Description of the task - Leave out every picture and set down, exactly, the lines below from the one holding "夢コート B液 4kg 浜二ペイント ※夢X後継品" up to and including the one holding "Kalia Set of".

Data excerpt section start

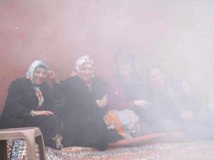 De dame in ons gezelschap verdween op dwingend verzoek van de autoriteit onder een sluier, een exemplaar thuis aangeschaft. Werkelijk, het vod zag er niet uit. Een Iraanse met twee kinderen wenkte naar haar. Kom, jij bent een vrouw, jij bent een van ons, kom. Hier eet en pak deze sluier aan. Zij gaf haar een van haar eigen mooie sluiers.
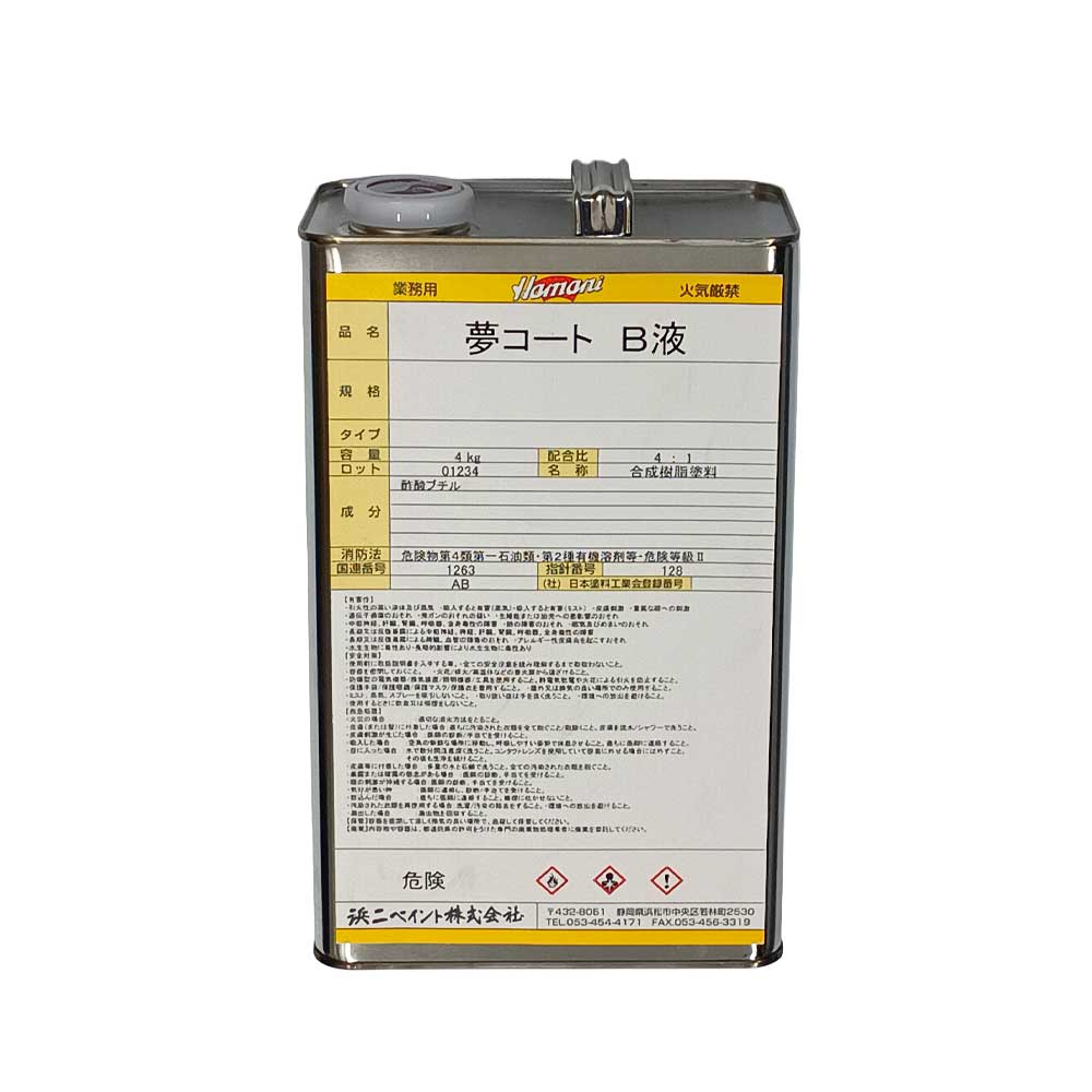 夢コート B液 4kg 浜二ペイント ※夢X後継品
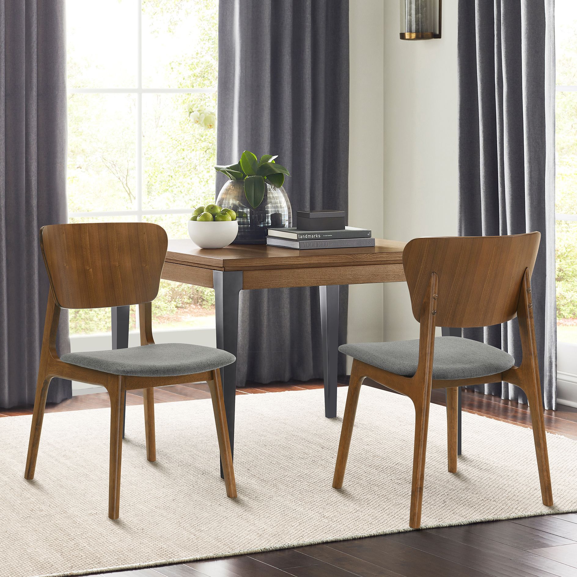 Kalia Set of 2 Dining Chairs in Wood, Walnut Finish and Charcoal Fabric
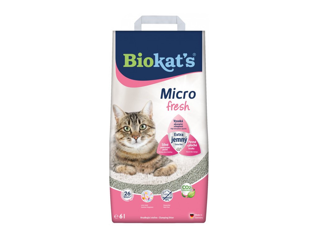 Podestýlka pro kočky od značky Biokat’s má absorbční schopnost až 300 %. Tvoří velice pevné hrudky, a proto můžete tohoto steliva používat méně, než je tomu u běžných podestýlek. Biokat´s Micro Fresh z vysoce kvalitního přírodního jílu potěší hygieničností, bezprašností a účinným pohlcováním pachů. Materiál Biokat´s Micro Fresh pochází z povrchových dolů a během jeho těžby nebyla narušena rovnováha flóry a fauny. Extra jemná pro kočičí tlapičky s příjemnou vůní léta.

Data excerpt section end

Your response -
 夢コート B液 4kg 浜二ペイント ※夢X後継品
 Kalia Set of 2 Dining Chairs in Wood, Walnut Finish and Charcoal Fabric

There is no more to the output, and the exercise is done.